== Task statement ==
Begin with the first line below and retype each line exactly through the line containing "Remo V 100/50". Any pictures are to be left out.

== Provided data ==
━━━━━━━━━━━━━━━━

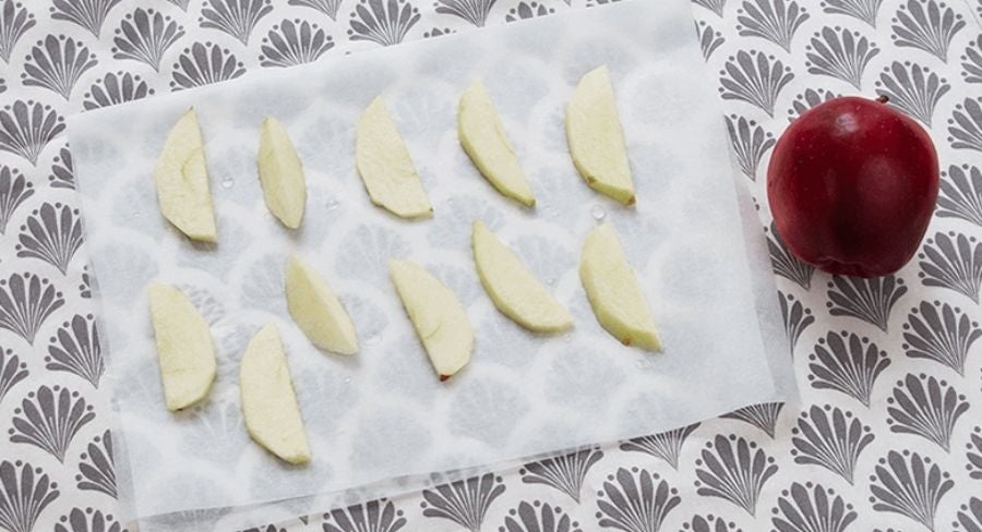 Una vez que hayas terminado de cortar todas las manzanas, colócalas sobre un pedazo de papel para hornear y mételas al congelador por dos horas.
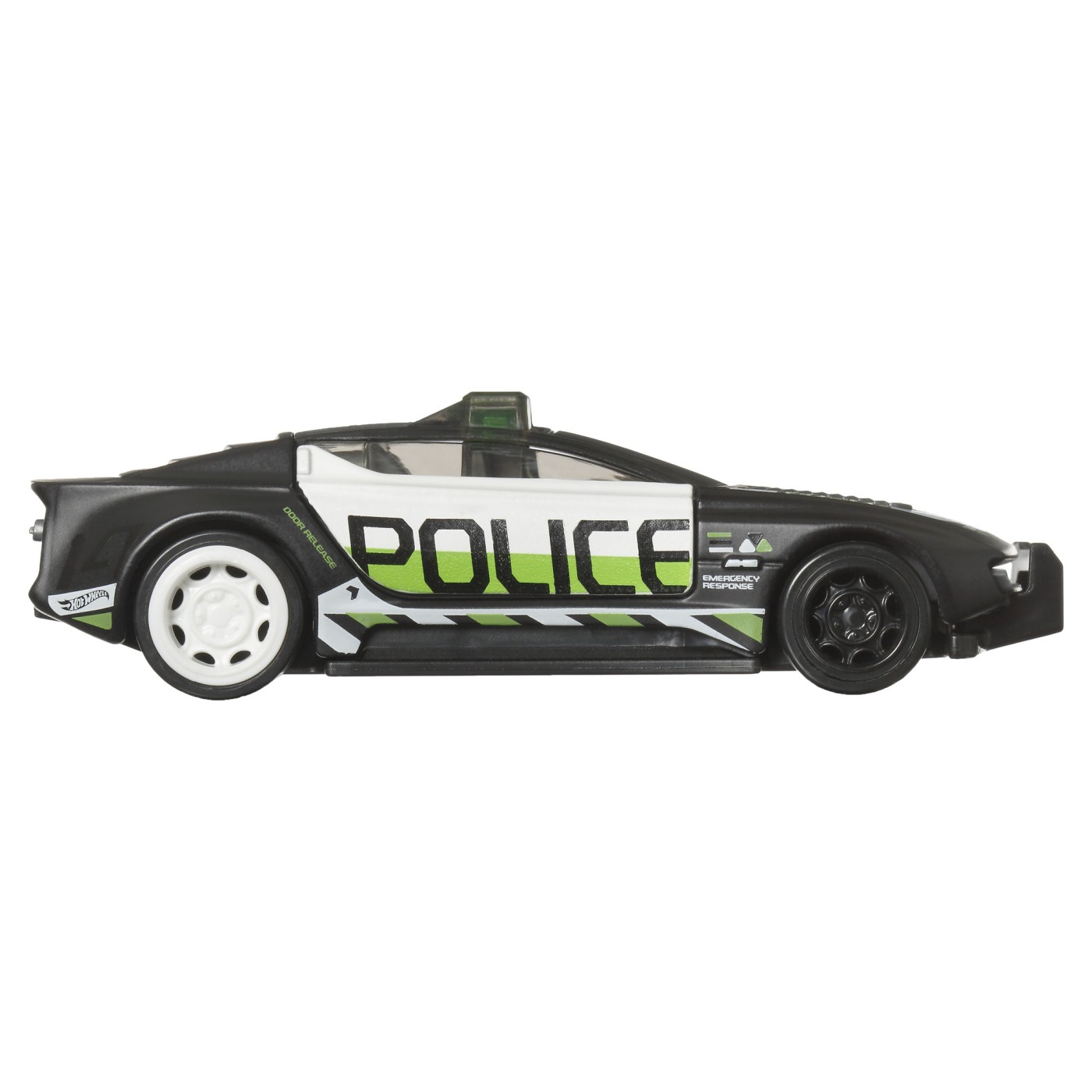 Aceste vehicule din metal Hot Wheels sunt la scara 143, cu decor autentic. Fiecare include o caracteristica interactiva precum Rolomatics, care evidentiaza miscarile motorului, sau usile, capotele sau portbagajul care se deschid. Cu detalii atat de grozave, posibilitatile de joaca sunt nesfarsite pentru copii, iar colectionarii le vor dori pe toate. Fiecare se vinde separat, in functie de disponibilitate. Culorile si decoratiunile pot varia. Acest pachet contine masinuta Police Alpha Pursuit.
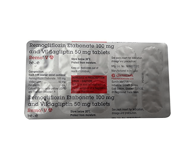 Remo V 100/50 mg Tablet is a combination oral hypoglycemic agent used for the management of type 2 diabetes mellitus. It contains Remogliflozin Etabonate 100 mg and Vildagliptin 50 mg per tablet. The combination provides dual action to help control blood sugar levels effectively in patients whose blood glucose is not adequately managed with diet, exercise, or monotherapy.
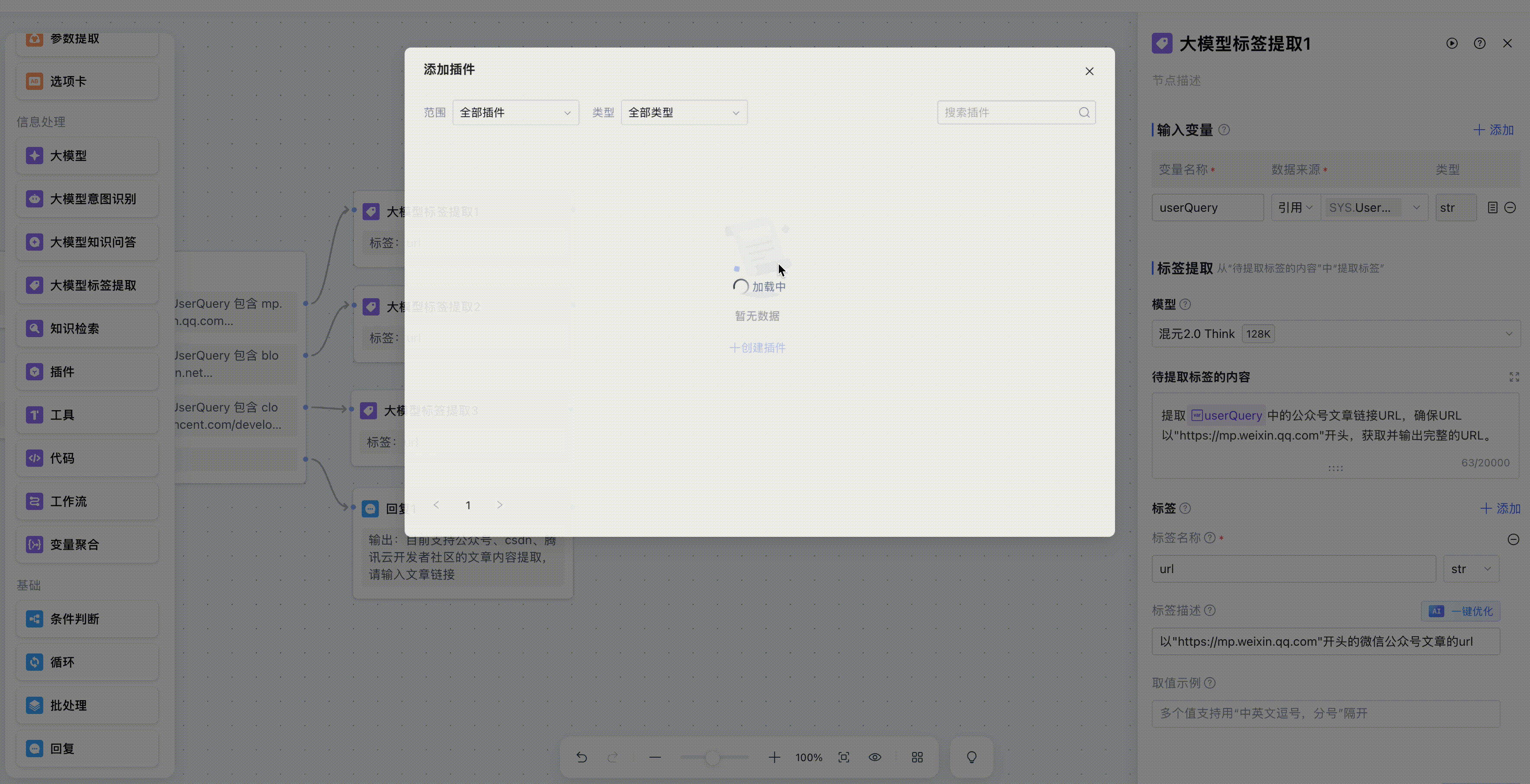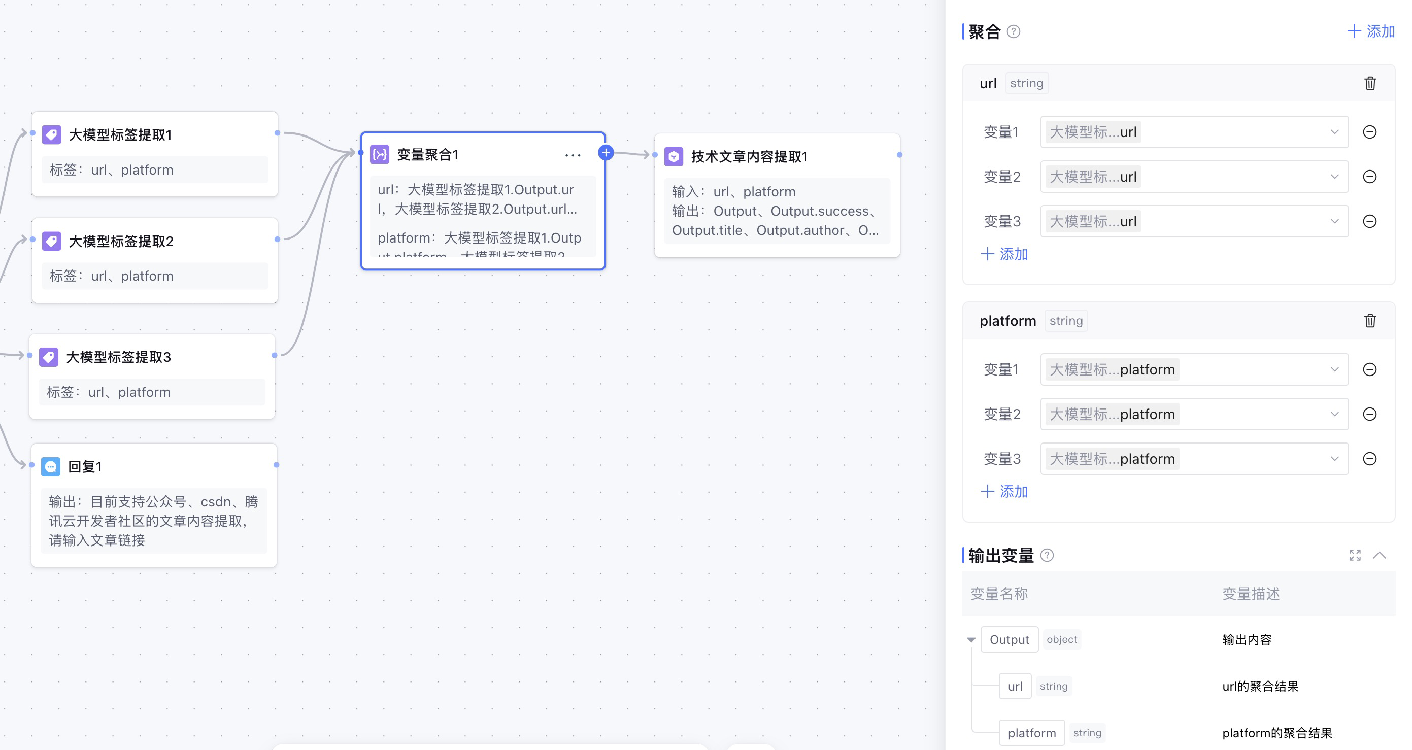 聚合时仅返回每个分组中的第一个不为空的变量,如果有多个变量有值,也仅返回第一个。所以,在大模型提取标签节点和插件节点之间,要使用变量聚合节点来做中转。

━━━━━━━━━━━━━━━━

== Finished task ==
 Una vez que hayas terminado de cortar todas las manzanas, colócalas sobre un pedazo de papel para hornear y mételas al congelador por dos horas.
 Aceste vehicule din metal Hot Wheels sunt la scara 143, cu decor autentic. Fiecare include o caracteristica interactiva precum Rolomatics, care evidentiaza miscarile motorului, sau usile, capotele sau portbagajul care se deschid. Cu detalii atat de grozave, posibilitatile de joaca sunt nesfarsite pentru copii, iar colectionarii le vor dori pe toate. Fiecare se vinde separat, in functie de disponibilitate. Culorile si decoratiunile pot varia. Acest pachet contine masinuta Police Alpha Pursuit.
 Remo V 100/50 mg Tablet is a combination oral hypoglycemic agent used for the management of type 2 diabetes mellitus. It contains Remogliflozin Etabonate 100 mg and Vildagliptin 50 mg per tablet. The combination provides dual action to help control blood sugar levels effectively in patients whose blood glucose is not adequately managed with diet, exercise, or monotherapy.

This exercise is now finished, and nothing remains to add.